Climate reanalysis data with global coverage enable sediment load prediction in the absence of systematic field data

Hydro-morphodynamic models are increasingly popular for predicting sedimentation processes in reservoirs. To leverage the accuracy of such models, their boundary conditions have to be defined as precise as possible. While hydrological models provide efficient routines to establish inflow hydrographs at the model boundaries, the determination of the sediment input is challenging and involves large uncertainties. This study identifies prominent parameters that influence the sediment input into a reservoir, and therefore, expected sedimentation rates. For this purpose, erosion and transport processes in the catchment area of the Banja Reservoir (Albania) are analyzed.

The Banja Reservoir is located on the Devoll River in the Southeast of Albania and has a storage capacity of 400 Million m³. The catchment area has a size of 2,900 km² and lies in a mountainous region.

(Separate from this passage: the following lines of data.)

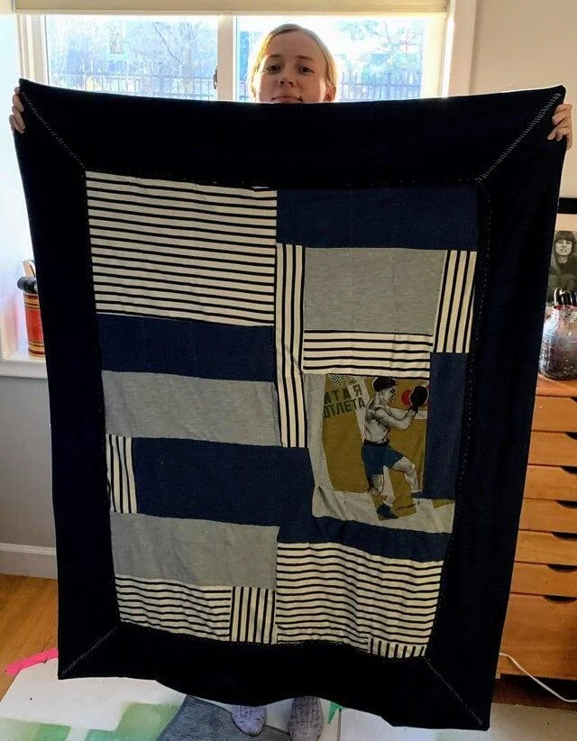 Собралась куча футболок в плохом состоянии. Теперь они стали покрывалом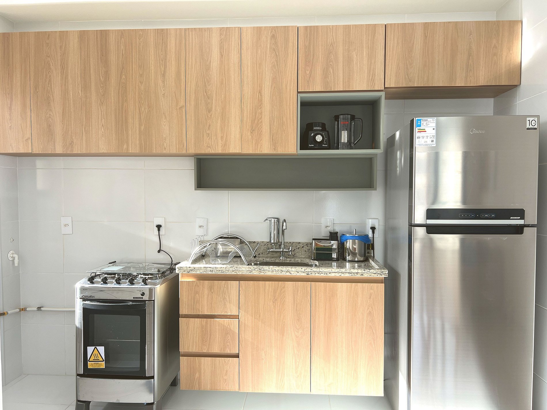 Cozinha planejada com armários em tom madeira e totalmente equipada para o preparo das suas refeições: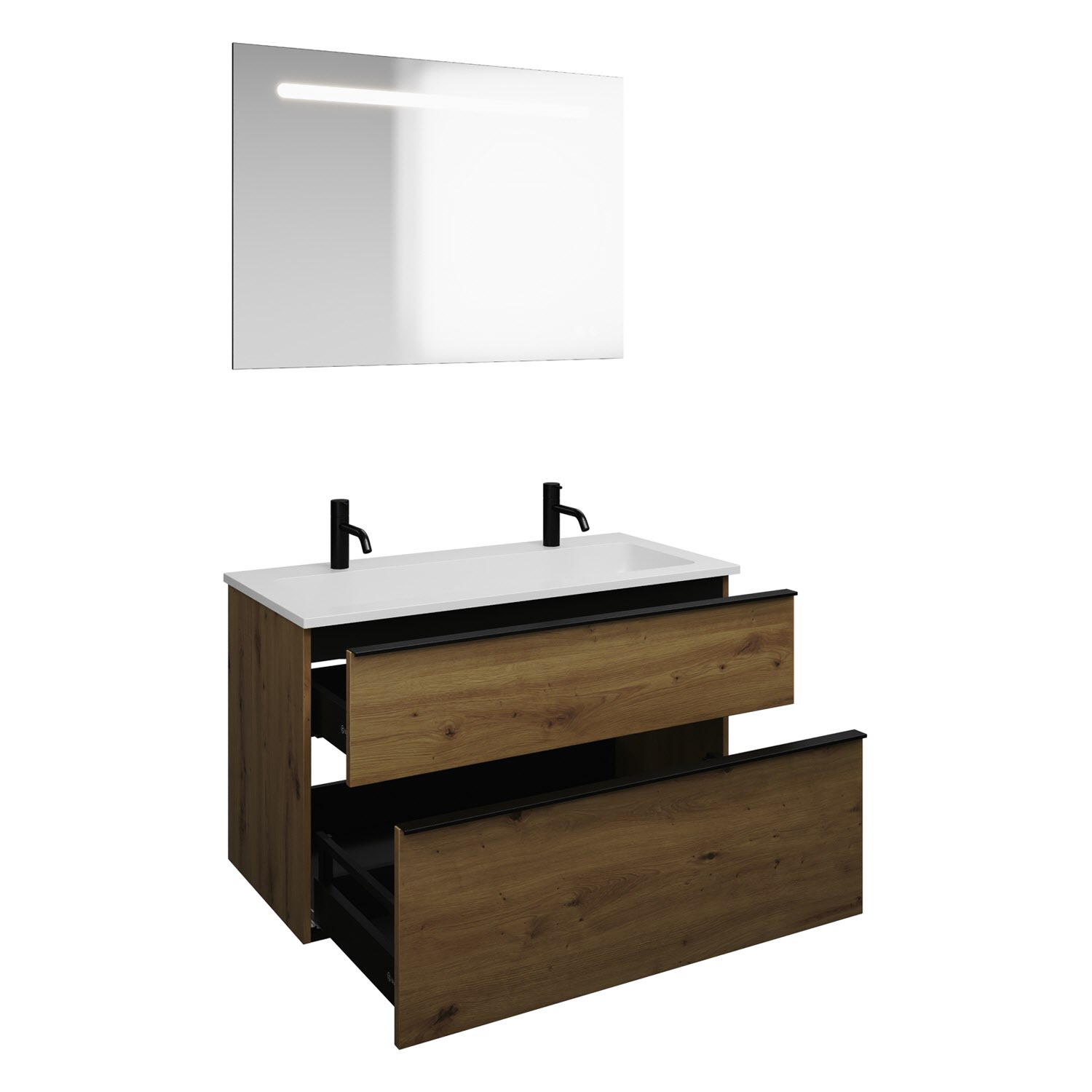 burgbad Eqio Badmöbel Set 102 cm Waschtisch und Unterschrank mit Griff G0252, mit LED-Leuchtspiegel
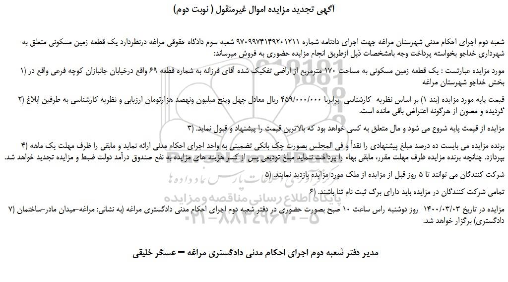 شعبه دوم اجرای احکام مدنی شهرستان مراغه جهت اجرای دادنامه شماره 9709974149201211 شعبه سوم دادگاه حقوقی مراغه درنظردارد یک قطعه زمین مسکونی متعلق به شهرداری خداجو بخواسته پرداخت وجه بامشخصات ذیل ازطریق انجام مزایده حضوری به فروش میرساند: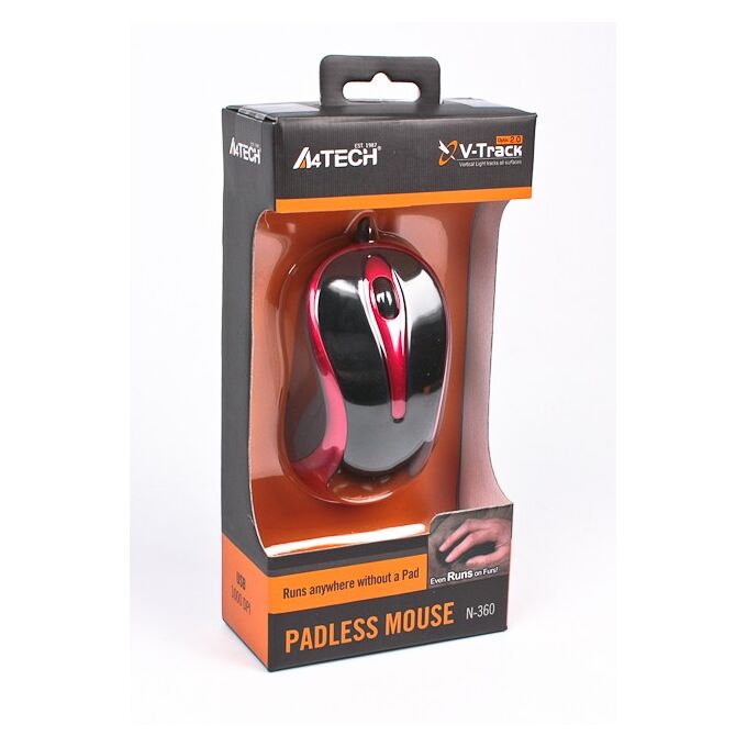 Мышь A4Tech V-Track Padless N-360-2 Red/Black, оптическая,1000dpi, 2кн, USB

The climate is characterized by dry and hot summers and humid winters. There are significant differences in precipitation patterns in the catchment due to topographical conditions and with increasing distance from the coast in the West of the reservoir. Because snowfall is frequent in winter, the runoff regime of the Devoll River and its tributaries is driven by precipitation and snowmelt.

To calculate the sediment input at the inflow boundaries of the reservoir, a comprehensive analysis in combination with hydrological modelling of the catchment is indispensable. This study applies the Revised Universal Soil Loss Equation (RUSLE) model coupled with the SEdiment Delivery Distributed (SEDD) model, as an integrated approach that bridges interdisciplinary expertise in geomorphology and hydrology. Since measured precipitation data neither fulfils minimum requirements in terms of spatio-temporal resolution nor in terms of time series length, the ERA5 reanalysis dataset is used as input data. The coupled model is calibrated with suspended sediment data measured at a monitoring station upstream of the reservoir over a 2–years period. The model enables to approximate the monthly or annual sediment load for any point in the river network. Thus, the sediment load into the reservoir can be assessed for every major tributary, even in areas with limited data availability. In addition, a high spatial resolution (25 m x 25 m) of the model enables the identification of areas that cause particularly high sediment loads.

The optimized coupled model predicts sediment loads that are in good agreement with sediment loads measured at the monitoring station (Nash-Sutcliffe efficiency: NSE_annual = 0.96; NSE_monthly = 0.81). Consequently, climate reanalysis datasets are a viable alternative in regions with data scarcity. Furthermore, the spatial representation of the results suggests that the sediment load into the reservoir mainly originates from steep and sparsely vegetated or agricultural areas close to the river network. Intensive rainfall additionally fosters erosion, which is why erosion rates are higher in the Western part of the catchment area.